Who takes responsibility for this?

Who takes responsibility for the loss of income and medical costs?

You might think: “Yeah, that was an accident, somewhere far away, what can we do?”

The problem here is that the workers were made to work in this building, even after inspectors considered it unsafe.

2. So what is social sustainability ?

Social sustainability is one of the components of the 3Ps: environment sustainability (planet), economic sustainability (profit), social sustainability (people).

Organizations have implemented the 3Ps method to assess results. These three factors work together to influence a company’s results.

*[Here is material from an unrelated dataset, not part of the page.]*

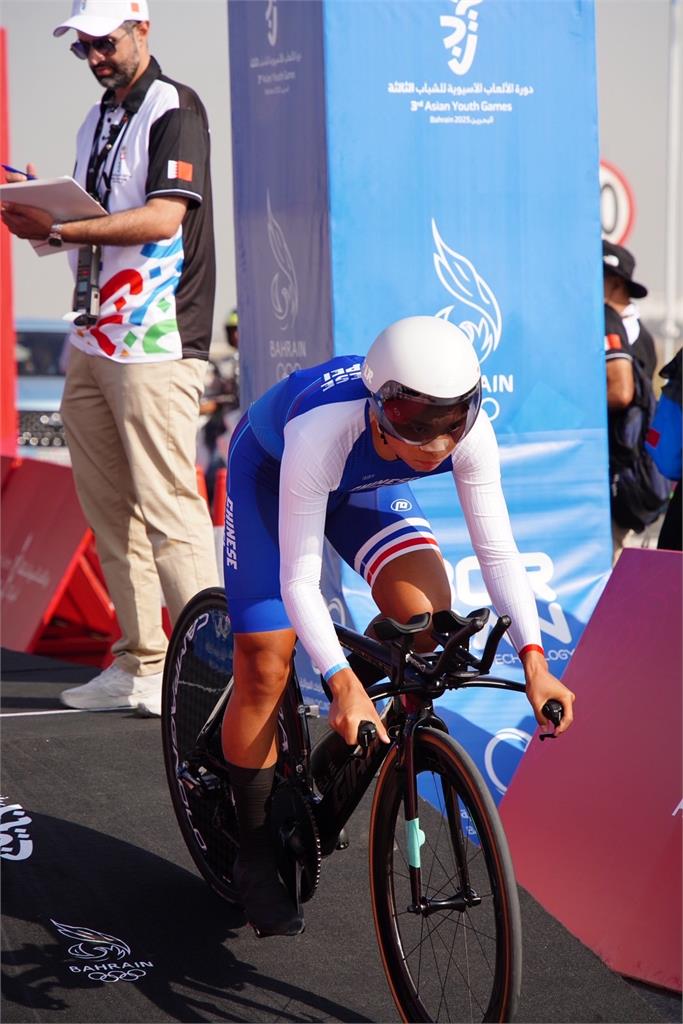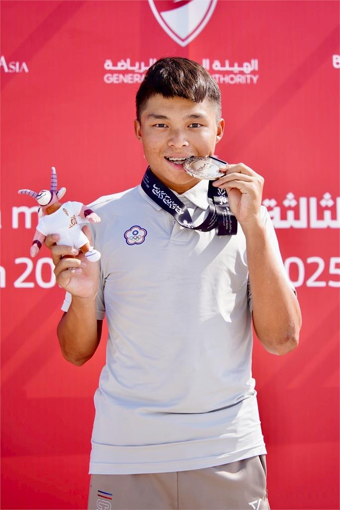 謝治翔在亞青運自由車男子個人計時賽奪銀。圖/中華奧會提供 亞青運再傳捷報!我國自由車選手謝治翔今(27)日出戰巴林亞洲青年運動會自由車男子個人計時賽,以21分47秒64榮獲銀牌,僅與金牌的中國選手差距2秒內。謝治翔來自台中大甲高中,上週才在團體賽拿下一面銀牌,這次又在個人賽上又獲銀牌,可謂雙喜臨門,目前我國獎牌數已得4金7銀11銅。謝治翔上週才在團體賽拿下一面銀牌。圖/中華奧會提供責任編輯/施佳宜

Social sustainability entails recognizing how companies affect individuals and society.

This approach includes several topics such as: social equity, quality of living, health equity, community development, social capital, social support, human rights, labour rights, social responsibility, social justice, cultural competence, community resilience, and training.

3. That sounds promising, but what good does it do to my business performance?

According to Amartya Sen, Nobel laureate in Economic Sciences in 1998, 5 pillars should be considered to know if a business is socially sustainable.[2]

Amartya Sen

A) Equity

B) Diversity

C) Social Cohesion

D) Quality of life

E) Corporate Governance

A) Equity

A business is equitable if its social impact ensures that all members of society, especially the poorest and most vulnerable, have equal access to its products and services.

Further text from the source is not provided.